Rearrangement of groups such that no two members meet again

Suppose that we are given $n$ groups of $m$ people. We want to rearrange these $nm$ people into the same format of $n$ groups of $m$ with that the catch that any two people who were originally in a group together cannot be rearranged in the same group. How many ways can we rearrange the groups? It appears that this question is related to derangements but quite a bit more generalized.

A possibly related problem is the maximum number of times these rearrangements can happen before two previously encountered partners must meet again.

I am not sure if there is an elementary solution to these problems. It would appear that the first problem at least should be quite common in combinatorics and so I wonder if it is the special case of a famous problem.


Solution 1:

Problems of this sort have been of interest for a long time. Perhaps the earliest was Kirkman's schoolgirl problem from 1850: "Fifteen young ladies in a school walk out three abreast for seven days in succession: it is required to arrange them daily so that no two shall walk twice abreast."

The general problem, given $mn$ people, how many days can you group them into $n$ groups of $m$ so that no two people are in the same group more than once, is not easy and not completely solved. One search term that may get you somewhere is "combinatorial designs".

Solution 2:

I've recently stumbled upon this problem and it seems like the general case has not yet been solved and is referred to as a Social Golfer Problem (SGP)
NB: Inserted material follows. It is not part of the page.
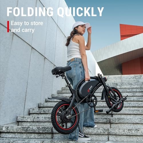• DYU Electric Bike for Adults Teens, D3F 14 in Folding Electric Bicycle,Commuter City E-Bike with 250W Motor and 36V 10AH Lithium-Ion Battery,40-45 Miles Travel Range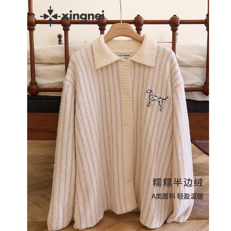 高级感家居服可外穿 2025年新款 形内睡衣女半边绒加绒套装 条纹冬季

The computational complexity of the SGP is currently unknown. Some instances are easily solved using construction methods from design theory, but such methods are typically restricted to certain families of instances. However, from a result derived by Colbourn in (Colbourn 1984), one can show that the completion problem of the SGP, i.e., deciding whether a partially filled schedule can be completed to conflict-free one, is NP-complete.